Talk:Controlled vocabulary
From Wikipedia, the free encyclopedia
If the below is the definition of controlled vocabulary:
- The terms are chosen and organized by trained professionals (including librarians and information scientists) who possess expertise in the subject area.
Are the automatically generated lists at Amazon.com CAPs (Capitalized phrases) and SIPs (Statistically Improbable Phrases) controlled vocabularies?
--Jahsonic 23:47, 19 November 2005 (UTC)
-
- Interesting questions. I'd say that the Amazon lists are examples of folksonomy; SIPS are something else entirely (quite innovative, I think). But neither of these are consciously organized or bureaucratically implemented, or beset by the inherent conservatism and inflexibility of top-down classification schemes. Bryan 00:14, 20 November 2005 (UTC)
[edit] Controlled vocabulary = taxonomy?
The first sentence of this article implies that a controlled vocabulary is synonymous to a taxonomy. But is that true? Can someone verify this? - 212.187.26.113 10:39, 30 January 2006 (UTC)
- A taxonomy is a list of permitted words, but it suggests broader and narrower subjects for each term. A controlled vocabulary is also a list of permitted words, but it lists the synonyms and other closely related terms that are not permitted. The person who wrote that is probably thinking of the Library of Congress Subject Headings, which includes both features, but you could have a list that is just one or the other. GUllman 22:54, 30 January 2006 (UTC)

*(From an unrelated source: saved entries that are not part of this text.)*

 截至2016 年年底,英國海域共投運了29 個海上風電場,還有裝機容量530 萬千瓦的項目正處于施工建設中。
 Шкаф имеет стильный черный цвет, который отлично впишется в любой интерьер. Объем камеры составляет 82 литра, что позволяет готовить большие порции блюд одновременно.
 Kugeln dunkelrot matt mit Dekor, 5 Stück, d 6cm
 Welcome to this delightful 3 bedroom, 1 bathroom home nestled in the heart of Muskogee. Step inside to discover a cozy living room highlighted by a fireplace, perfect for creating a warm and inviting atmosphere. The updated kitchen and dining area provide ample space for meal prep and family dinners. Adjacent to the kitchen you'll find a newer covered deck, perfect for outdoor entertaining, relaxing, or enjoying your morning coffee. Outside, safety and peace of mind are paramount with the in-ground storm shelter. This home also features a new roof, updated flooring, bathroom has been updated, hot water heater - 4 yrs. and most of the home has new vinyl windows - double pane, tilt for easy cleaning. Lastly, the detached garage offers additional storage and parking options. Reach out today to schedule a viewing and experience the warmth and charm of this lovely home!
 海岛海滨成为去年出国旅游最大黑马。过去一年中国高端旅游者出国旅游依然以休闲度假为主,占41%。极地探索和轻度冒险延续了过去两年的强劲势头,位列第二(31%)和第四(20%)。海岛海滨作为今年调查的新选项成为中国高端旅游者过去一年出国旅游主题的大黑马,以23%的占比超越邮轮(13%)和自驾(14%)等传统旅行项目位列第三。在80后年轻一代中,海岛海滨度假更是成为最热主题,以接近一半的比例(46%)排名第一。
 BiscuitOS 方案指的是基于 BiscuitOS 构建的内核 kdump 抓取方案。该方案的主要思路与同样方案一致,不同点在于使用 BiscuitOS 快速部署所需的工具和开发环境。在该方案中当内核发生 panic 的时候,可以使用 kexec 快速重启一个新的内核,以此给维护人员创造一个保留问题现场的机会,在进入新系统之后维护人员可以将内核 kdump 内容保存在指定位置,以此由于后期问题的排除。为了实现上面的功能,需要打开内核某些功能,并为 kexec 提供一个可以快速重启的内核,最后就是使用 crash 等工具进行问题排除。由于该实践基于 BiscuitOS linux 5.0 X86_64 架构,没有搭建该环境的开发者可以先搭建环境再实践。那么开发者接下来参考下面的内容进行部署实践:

[edit] missing definition in the first place
The whole first paragraph of the article doesn't make clear what a controlled vocabulary actually is: It mentions for what it is used ("to tag units of information"), who have chosen/organized them ("trained professionals"), where they are for ("can accurately describe..."), where they are published ("controlled vocabulary...are often published in..."), and of what they are part of (CVs "form part of a larger universe of nomenclatural approaches...").
The half a sentence "A controlled vocabulary is a carefully selected list of words and phrases," is probably not a matching definition of CVs. One (important) property of CVs is, that they are non-ambiguously assigned to terms and vice versa, so that neither homonyms nor synonyms are contained.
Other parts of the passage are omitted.